◆ DATA SHOWN
┌────────
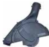
Dust hood for 7"-9" grinders
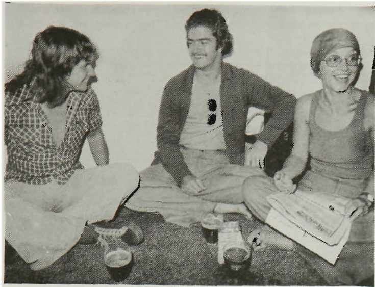
HAPPY customers relaxed on the floor of the Members' Bar, in Stage 111 of the University Union, when the bar opened for business on February 23.
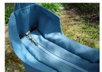
Bag with a zipper to prevent thief from reaching into your bag
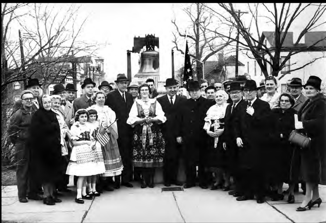
PERTH AMBOY - Slovak Flag Raising - October 1960's - City Hall Circle.
└────────
Apart from the pictures, every line of the material above is to be returned word for word.

Dust hood for 7"-9" grinders
HAPPY customers relaxed on the floor of the Members' Bar, in Stage 111 of the University Union, when the bar opened for business on February 23.
Bag with a zipper to prevent thief from reaching into your bag
PERTH AMBOY - Slovak Flag Raising - October 1960's - City Hall Circle.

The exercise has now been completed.